Guto is associated with the Ceiriog Valley, in the modern Wrexham county borough of north-east Wales, and many of his patrons lived in the same region, although he visited houses across Wales in the course of his journeys. His early life is obscure, but Glyn Ceiriog or Glyndyfrdwy have been suggested as his places of birth in the years between 1412 and 1420. It is also possible that y Glyn refers to Valle Crucis Abbey, and various suggestions and references within his poetry infer that he may have been a child adopted by and brought up at the abbey itself, explaining some of his later association with Cistercian institutions: he was certainly not from the noble or gentry class and may have come from a farming family. Guto is a diminutive of the Welsh name Gruffudd, and his father's name was Siancyn, so he was probably christened Gruffudd ap Siancyn using the patronymic system of the time. His poetic career seems to have blossomed relatively early and he was already a well-known poet by the early 1430s, while in 1441 he is known to have enlisted to fight in the Hundred Years War.

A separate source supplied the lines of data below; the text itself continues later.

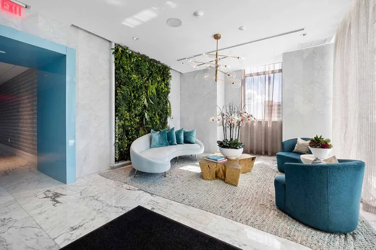 • Grand Marble Lobby Fitted with 16-foot Ceilings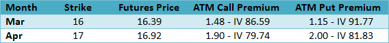 The current 30-day Historical Volatility was 134.96, up substantially since last week when it was 88.53 and 69.03. Using Parkinson’s range method, the comparable historical volatilities measures were 92.51, 60.34 last week, and 50.13 two weeks ago, all reflecting the increased movement. The table below shows the Implied Volatility (IV) of the at-the-money VIX calls and puts using the futures prices based upon Friday’s closing option mid prices along with their respective month’s futures prices, since the options are priced from the tradable futures.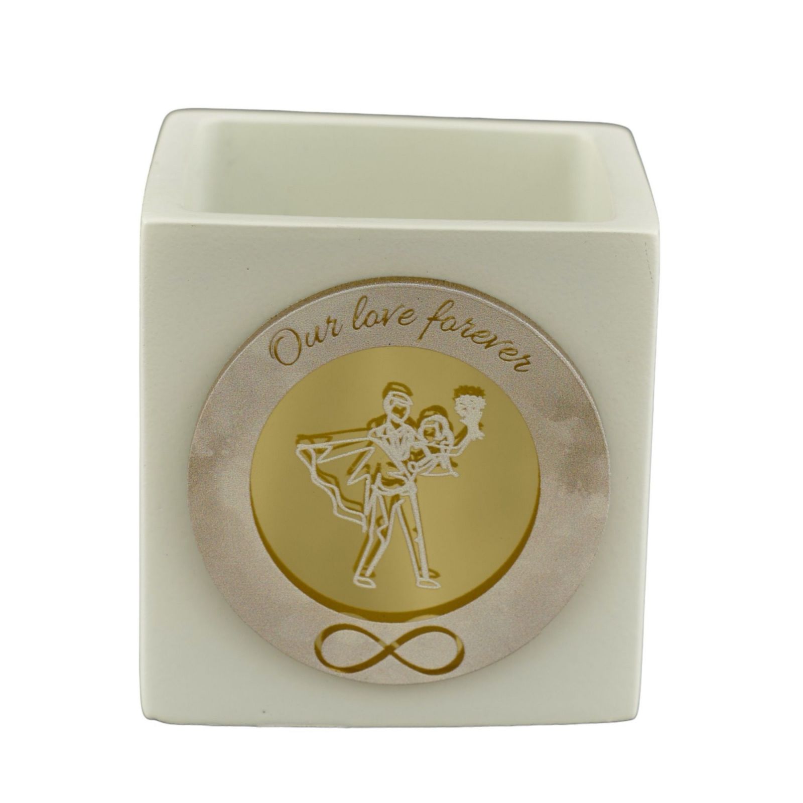 La bomboniera a cubo con sposa in braccio allo sposo, simbolo infinito e frase "Our Love Forever", è la scelta ideale per le partecipazioni di nozze più complete ed eleganti. Di dimensione H.6X6X6CM e realizzata in materiale resistente, la candela bianca è impreziosita dalla frase e dalla raffigurazione color oro che conferiscono un tocco di originalità e di particolarità. Una bomboniera economica e utile allo stesso tempo, perfetta per celebrare matrimoni o anniversari.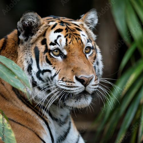 © MD, Fototapeta premium Majestic bengal tiger portrait amidst lush green foliage with captivating gaze and whiskers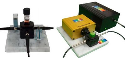 StellarNet nabízí několik držáků kyvet pro různé aplikace. CUV1 je čtyřcestný držák pro transmisi, absorbanci, fluorescenci a měření barevnosti dodávaný se dvěma UV kolimačními čočkami. Podle Vaší aplikace si můžete upravit geometrii. Oproti tomu CUV-F je držák na kyvetu specializovaný na měření fluorescence pomocí LED zdroje SL1-LED. Tento držák je dodáván s Y-optickým vláknem.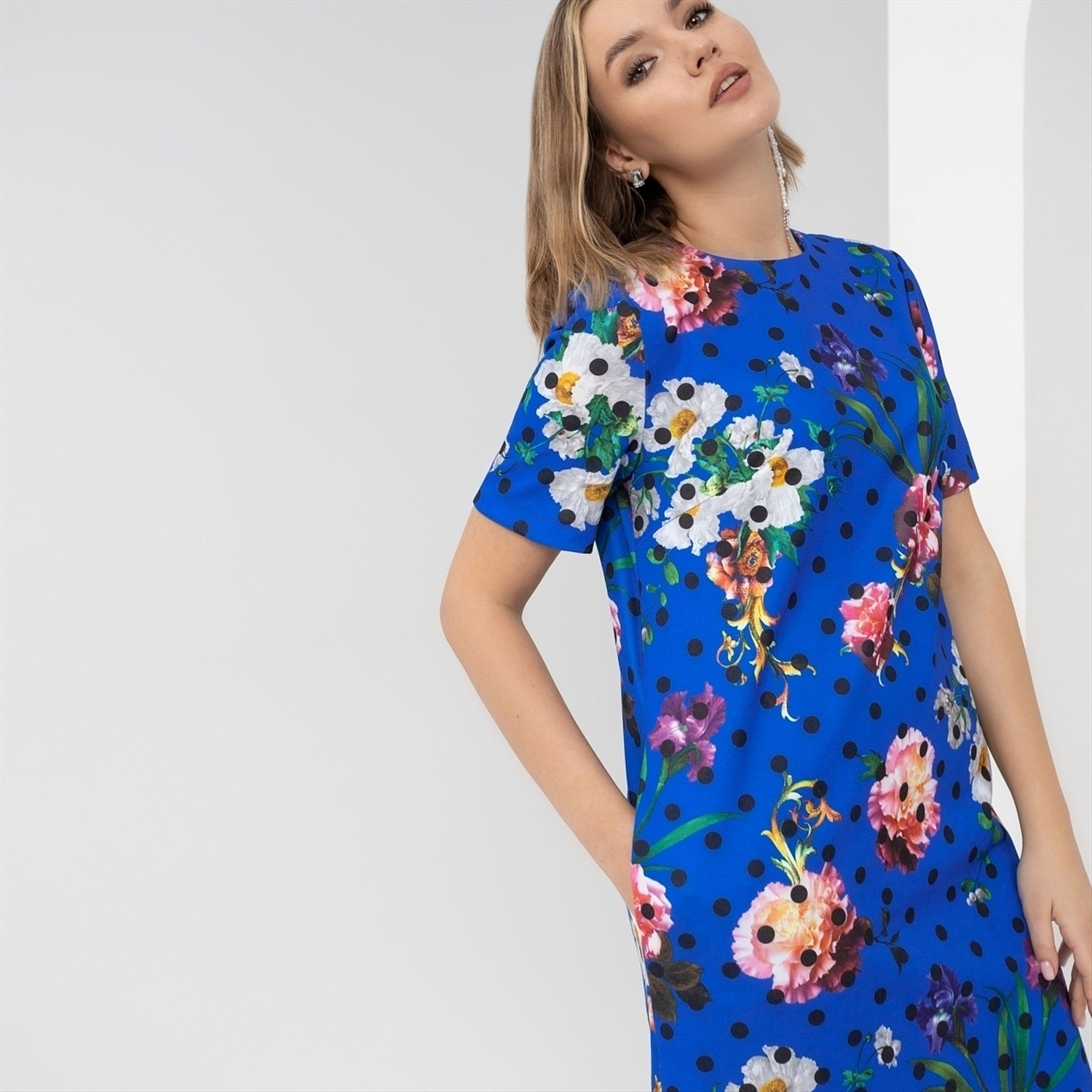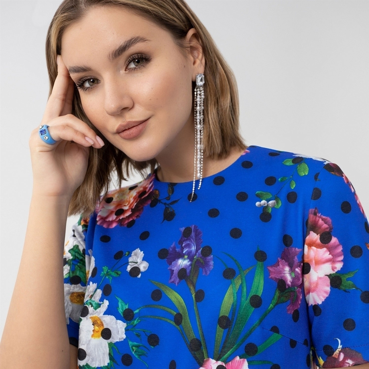 Платье, Цветочный тотал-лук (индиго) 6 фото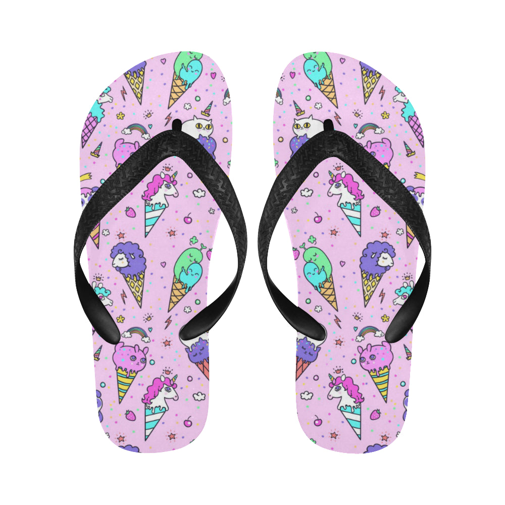 Cute ice cream cone animal pattern Unisex Flip Flops is a uniqued design and limited item. It made to order, hand printed, and sewn with love in our factory.
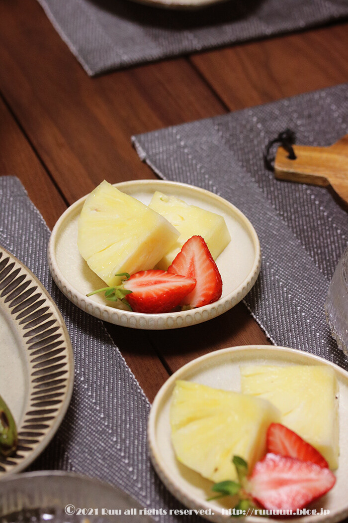 で、〆のデザートは一番娘がどハマリ中の台湾パイナップルと越後姫。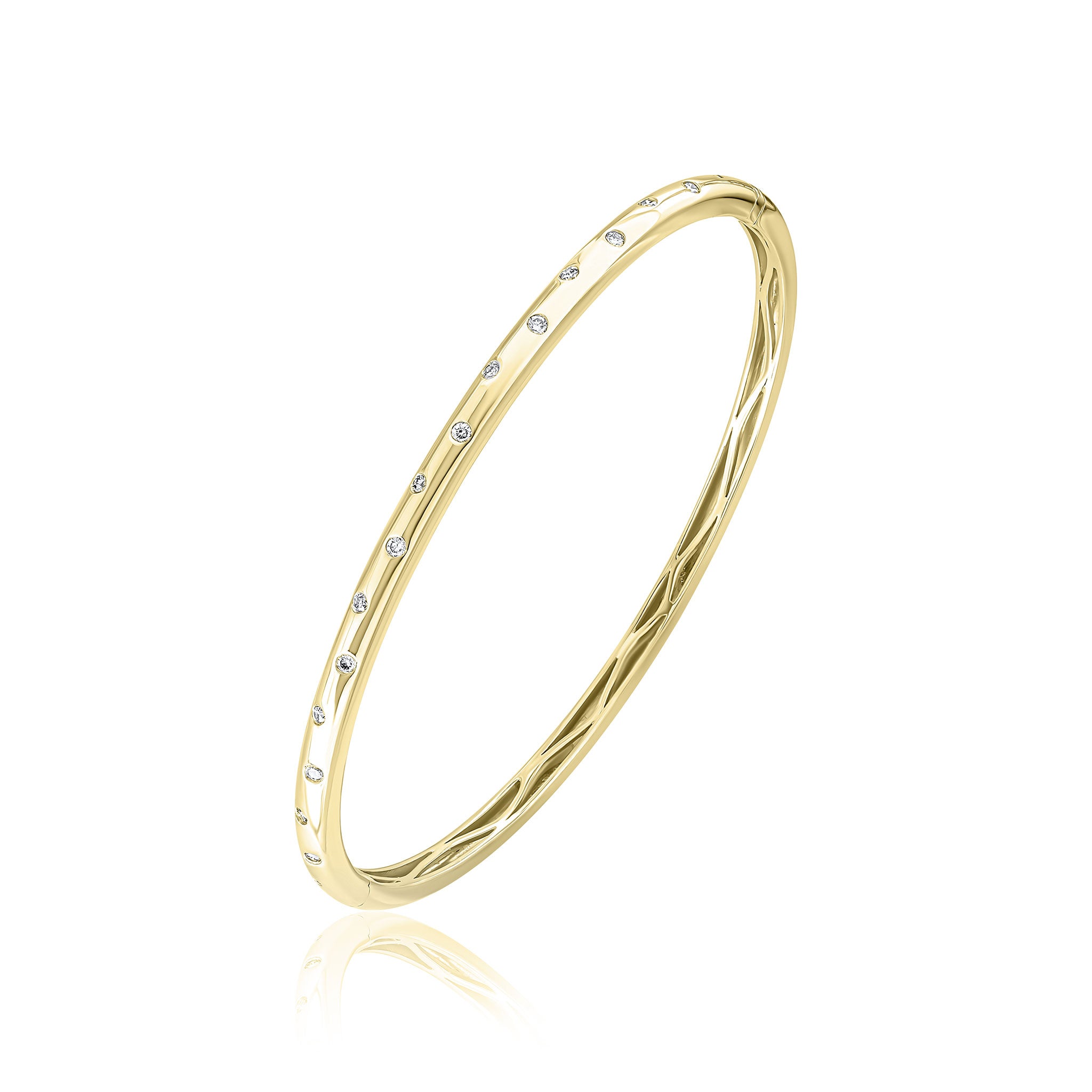 18CT Yellow Gold Round Diamond Scatter Flush Set Polished Domed Hinged Bangle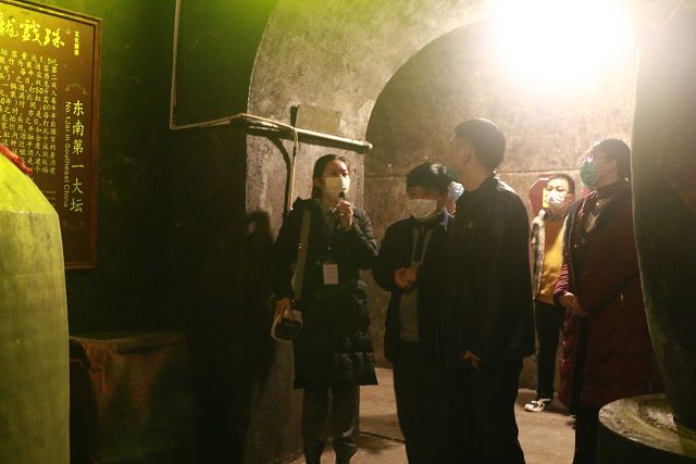 在雙龍洞,面對洞內(nèi)陳列著的從酒廠成立至今的雙龍戲珠酒以及撲鼻而來的濃郁的酒香味,領導們不約而同地發(fā)出了由衷的贊嘆。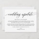 Modern simple wedding update announcement card. Design features calligraphy script ''wedding update'' and details in trendy capital lettering.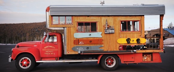 This retired 1953 GMC Fire Truck now serves as a converted home-on-wheels for professional snowboarder Austin Smith.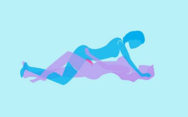 This is one of the best sex positions if your guy is a little too big for you, as he won’t be able to enter you quite as deeply. Once in the missionary position, have your guy turn to his side about 45 degrees so you’re lying diagonally from one another.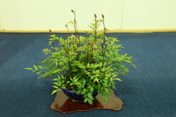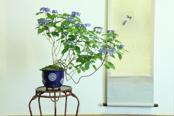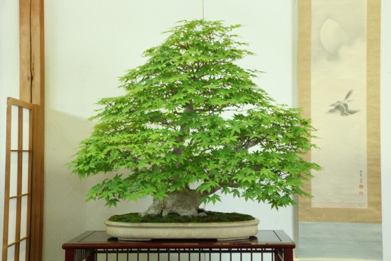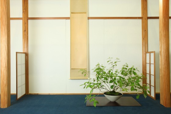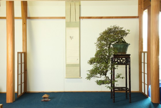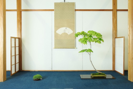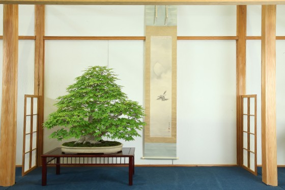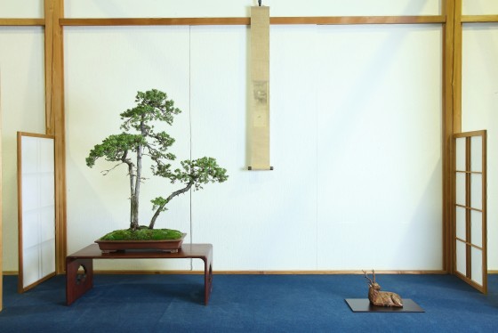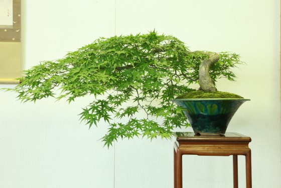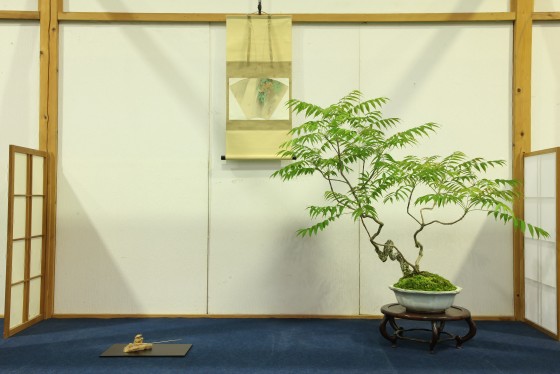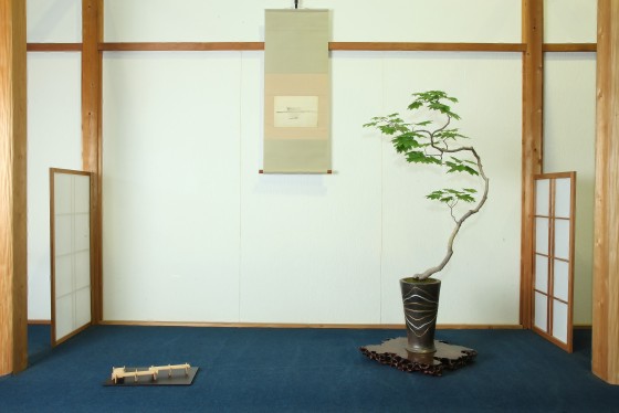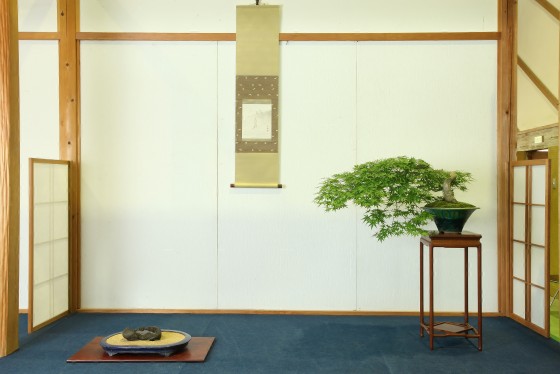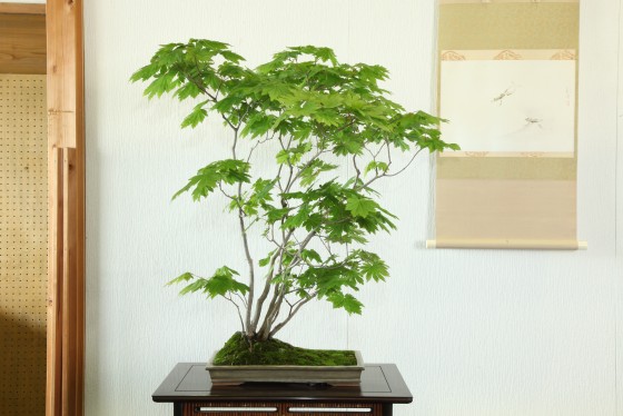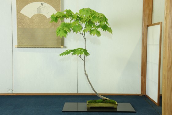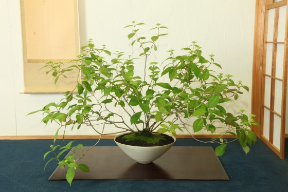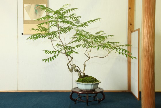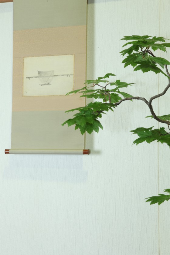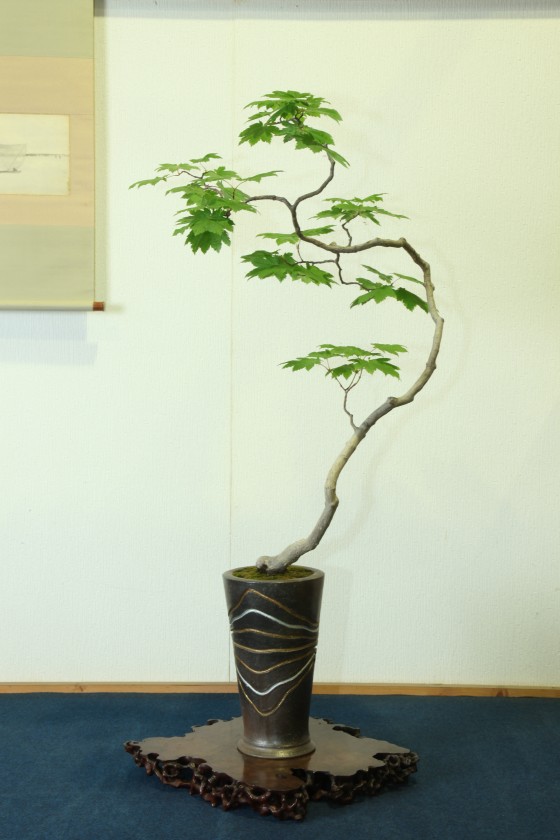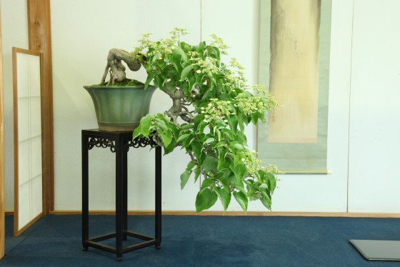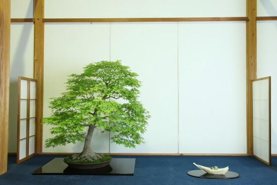 ひとつの幹から株状に広がる樹姿。“目に青葉、山ほととぎす…”の名句を盆栽で表現した季節感満点の席です。

From various of his poems we know that Guto was large and physically strong, recognised for his courage and sporting prowess, wore a beard and had black hair (though he rapidly went bald, leading him to jokingly compare himself to a tonsured monk wandering the countryside). Poets of the time commonly traded insults in verse, and the Hanmer poet Dafydd ap Edmund wrote that Guto was not good-looking and had a nose like a billhook, while another poet described him as having the alarming features of a bear.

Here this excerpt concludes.